Directions:
In the entries below, which lines run from the one with "Gs-Tv. Primo appuntamento" through the one with "陣列處理器是高速算術(shù"? Repeat exactly those, both included, and no pictures.

Available records:
══════

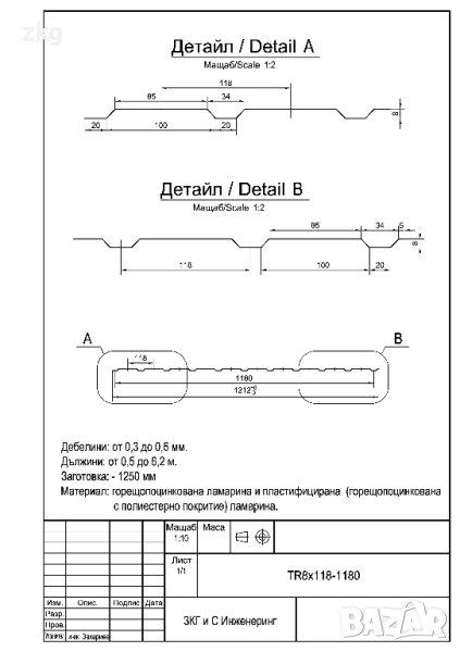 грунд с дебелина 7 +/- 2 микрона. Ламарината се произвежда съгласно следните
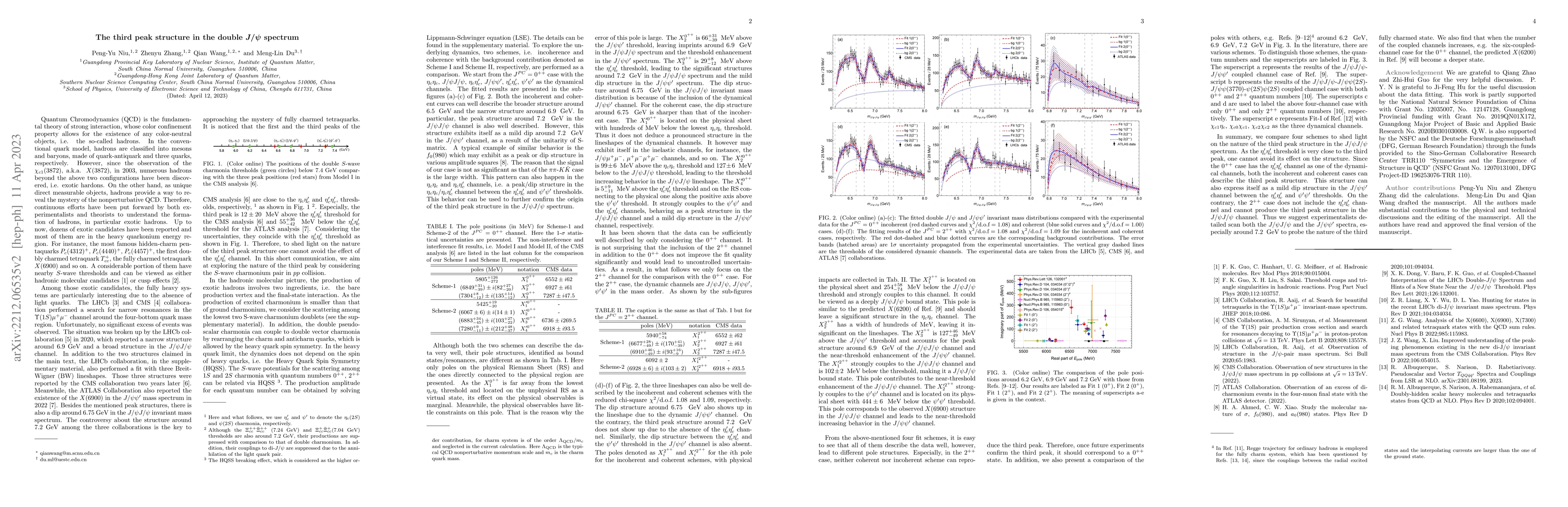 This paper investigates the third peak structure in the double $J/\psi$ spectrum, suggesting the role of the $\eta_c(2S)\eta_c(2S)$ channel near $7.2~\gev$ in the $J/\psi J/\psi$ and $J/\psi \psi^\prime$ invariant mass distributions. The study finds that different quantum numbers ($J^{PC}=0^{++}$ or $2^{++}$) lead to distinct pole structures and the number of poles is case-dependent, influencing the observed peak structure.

══════

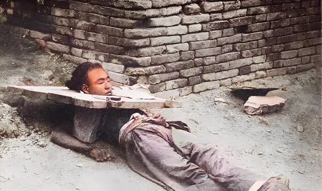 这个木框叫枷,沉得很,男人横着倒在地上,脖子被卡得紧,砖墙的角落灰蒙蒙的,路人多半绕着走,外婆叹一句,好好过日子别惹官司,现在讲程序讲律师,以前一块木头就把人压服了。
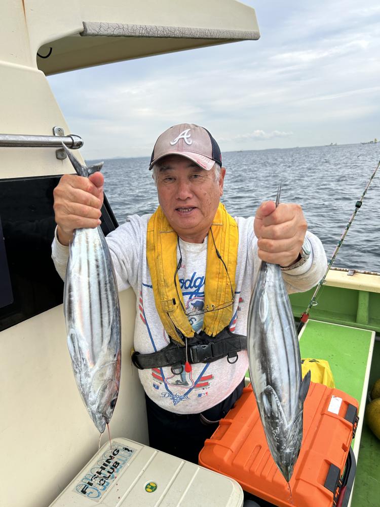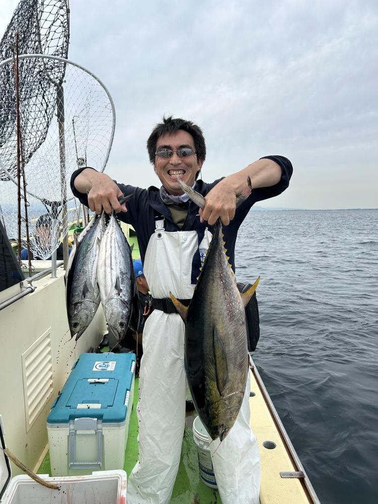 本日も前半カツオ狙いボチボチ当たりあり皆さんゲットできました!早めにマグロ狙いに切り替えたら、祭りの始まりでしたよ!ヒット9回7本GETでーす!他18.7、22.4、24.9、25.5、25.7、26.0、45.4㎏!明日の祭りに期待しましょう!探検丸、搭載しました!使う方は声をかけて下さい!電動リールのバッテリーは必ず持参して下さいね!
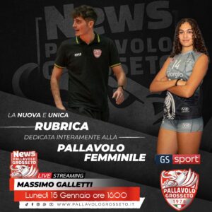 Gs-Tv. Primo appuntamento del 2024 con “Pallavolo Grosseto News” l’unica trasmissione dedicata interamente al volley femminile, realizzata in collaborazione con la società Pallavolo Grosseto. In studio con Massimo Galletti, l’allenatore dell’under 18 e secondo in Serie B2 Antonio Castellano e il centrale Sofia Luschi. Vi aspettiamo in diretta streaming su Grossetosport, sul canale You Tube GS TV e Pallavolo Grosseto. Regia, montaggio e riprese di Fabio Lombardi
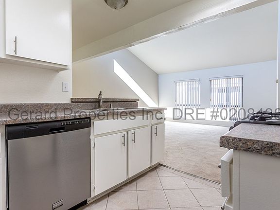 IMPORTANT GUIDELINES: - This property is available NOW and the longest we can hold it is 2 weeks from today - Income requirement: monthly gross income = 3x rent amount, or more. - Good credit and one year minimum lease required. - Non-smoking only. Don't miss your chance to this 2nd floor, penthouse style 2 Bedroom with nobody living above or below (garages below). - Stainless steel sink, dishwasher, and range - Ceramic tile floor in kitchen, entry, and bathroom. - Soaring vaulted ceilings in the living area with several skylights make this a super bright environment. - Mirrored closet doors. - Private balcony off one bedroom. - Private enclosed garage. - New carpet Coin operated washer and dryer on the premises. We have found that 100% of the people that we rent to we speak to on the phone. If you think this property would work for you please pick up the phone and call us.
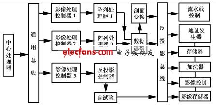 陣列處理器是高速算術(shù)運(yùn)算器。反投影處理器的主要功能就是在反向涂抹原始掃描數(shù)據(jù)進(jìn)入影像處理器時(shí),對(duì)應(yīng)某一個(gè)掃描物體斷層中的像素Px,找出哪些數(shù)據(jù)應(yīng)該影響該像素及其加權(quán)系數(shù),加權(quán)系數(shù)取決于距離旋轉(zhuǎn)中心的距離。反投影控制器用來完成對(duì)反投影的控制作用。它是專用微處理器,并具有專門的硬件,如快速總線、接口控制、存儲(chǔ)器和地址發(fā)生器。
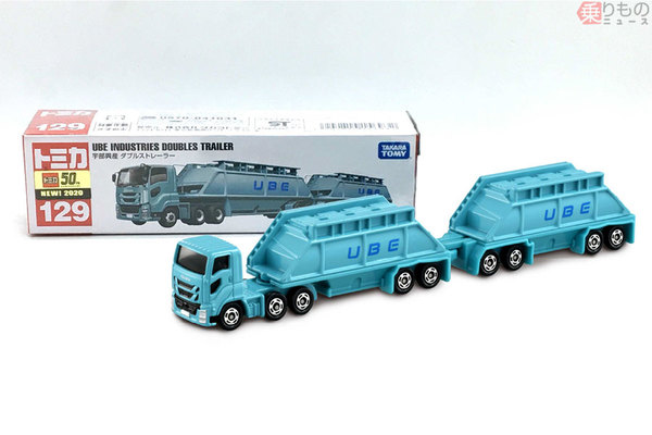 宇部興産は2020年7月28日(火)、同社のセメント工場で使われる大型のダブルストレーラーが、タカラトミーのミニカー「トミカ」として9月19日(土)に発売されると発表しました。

══════

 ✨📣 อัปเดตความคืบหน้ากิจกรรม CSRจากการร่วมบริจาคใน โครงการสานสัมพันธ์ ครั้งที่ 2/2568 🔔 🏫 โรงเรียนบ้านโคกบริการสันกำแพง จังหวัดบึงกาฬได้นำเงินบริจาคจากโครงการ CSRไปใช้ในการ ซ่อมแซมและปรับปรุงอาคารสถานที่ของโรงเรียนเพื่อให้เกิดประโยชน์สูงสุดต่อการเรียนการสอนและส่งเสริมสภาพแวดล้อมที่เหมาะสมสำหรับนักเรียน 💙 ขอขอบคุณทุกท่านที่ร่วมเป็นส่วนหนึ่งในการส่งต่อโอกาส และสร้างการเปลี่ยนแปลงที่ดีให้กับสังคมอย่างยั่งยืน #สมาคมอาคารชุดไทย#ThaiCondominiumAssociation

══════

Answer to this problem:
 Gs-Tv. Primo appuntamento del 2024 con “Pallavolo Grosseto News” l’unica trasmissione dedicata interamente al volley femminile, realizzata in collaborazione con la società Pallavolo Grosseto. In studio con Massimo Galletti, l’allenatore dell’under 18 e secondo in Serie B2 Antonio Castellano e il centrale Sofia Luschi. Vi aspettiamo in diretta streaming su Grossetosport, sul canale You Tube GS TV e Pallavolo Grosseto. Regia, montaggio e riprese di Fabio Lombardi
 IMPORTANT GUIDELINES: - This property is available NOW and the longest we can hold it is 2 weeks from today - Income requirement: monthly gross income = 3x rent amount, or more. - Good credit and one year minimum lease required. - Non-smoking only. Don't miss your chance to this 2nd floor, penthouse style 2 Bedroom with nobody living above or below (garages below). - Stainless steel sink, dishwasher, and range - Ceramic tile floor in kitchen, entry, and bathroom. - Soaring vaulted ceilings in the living area with several skylights make this a super bright environment. - Mirrored closet doors. - Private balcony off one bedroom. - Private enclosed garage. - New carpet Coin operated washer and dryer on the premises. We have found that 100% of the people that we rent to we speak to on the phone. If you think this property would work for you please pick up the phone and call us.
 陣列處理器是高速算術(shù)運(yùn)算器。反投影處理器的主要功能就是在反向涂抹原始掃描數(shù)據(jù)進(jìn)入影像處理器時(shí),對(duì)應(yīng)某一個(gè)掃描物體斷層中的像素Px,找出哪些數(shù)據(jù)應(yīng)該影響該像素及其加權(quán)系數(shù),加權(quán)系數(shù)取決于距離旋轉(zhuǎn)中心的距離。反投影控制器用來完成對(duì)反投影的控制作用。它是專用微處理器,并具有專門的硬件,如快速總線、接口控制、存儲(chǔ)器和地址發(fā)生器。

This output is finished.